Patients and methods: We reviewed 45 cases of large-cell NHL in children treated at St Jude Children's Research Hospital from 1975 to 1990 for whom there was sufficient tissue to perform immunophenotypic studies. All 45 were screened with a panel of antibodies to detect the presence of CD30 and T-cell and B-cell antigens. Cases were classified according to the National Cancer Institute (NCI) Working Formulation and the Kiel classification system. Clinical features, immunophenotype, pathologic classification, and treatment outcome were compared for CD30+ and CD30- cases.

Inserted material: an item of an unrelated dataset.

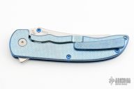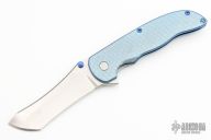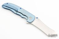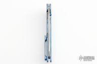 This Norseman (#6683) by John Grimsmo features a stonewashed blade with a single titanium thumb stud, notched thumb ramp and flipper. The handle features anodized finished and crosshatch textured titanium frame with titanium screws. Very smooth action that requires no wrist movement. Nice detent, lockup and blade seating. Rides on ceramic bearings. Knife is in excellent condition, shows no signs of use or carry. Comes with original custom hard case, Nano-Oil, tool, and COA dated Feb 3, 2023.

Results: CD30 expression was documented in 18 cases (40%). These 13 boys and five girls had a median age of 13 years at diagnosis. Most (n = 14) had advanced-stage (III and IV) disease. Nodal disease was equally common in CD30+ and CD30- cases, whereas skin involvement was significantly more frequent in CD30+ cases (P = .007). There was no significant association of CD30 expression with histologic subtype according to the NCI Working Formulation, but CD30+ cases were more likely to be anaplastic by the Kiel classification (P < .001). All CD30+ cases had either T-cell or null-cell phenotype, while the majority of CD30- cases were B-cell phenotype (P < .001). Among patients with limited-stage disease, the mean +/- SE estimated 5-year event-free survival (EFS) was 75% +/- 22% for CD30+ cases and 92% +/- 9% for CD30- cases (P = .10); estimates for advanced-stage disease were 57% +/- 17% and 29% +/- 17%, respectively (P = .096). For patients with advanced-stage disease, CD30 expression was associated with a significantly better overall 5-year survival probability (84% +/- 12% v 27% +/- 16%, P = .0016).

Conclusion: CD30 is frequently expressed in pediatric large-cell NHL and is significantly associated with T-cell or null-cell phenotype, anaplastic morphology, skin involvement, and better overall survival among advanced-stage patients.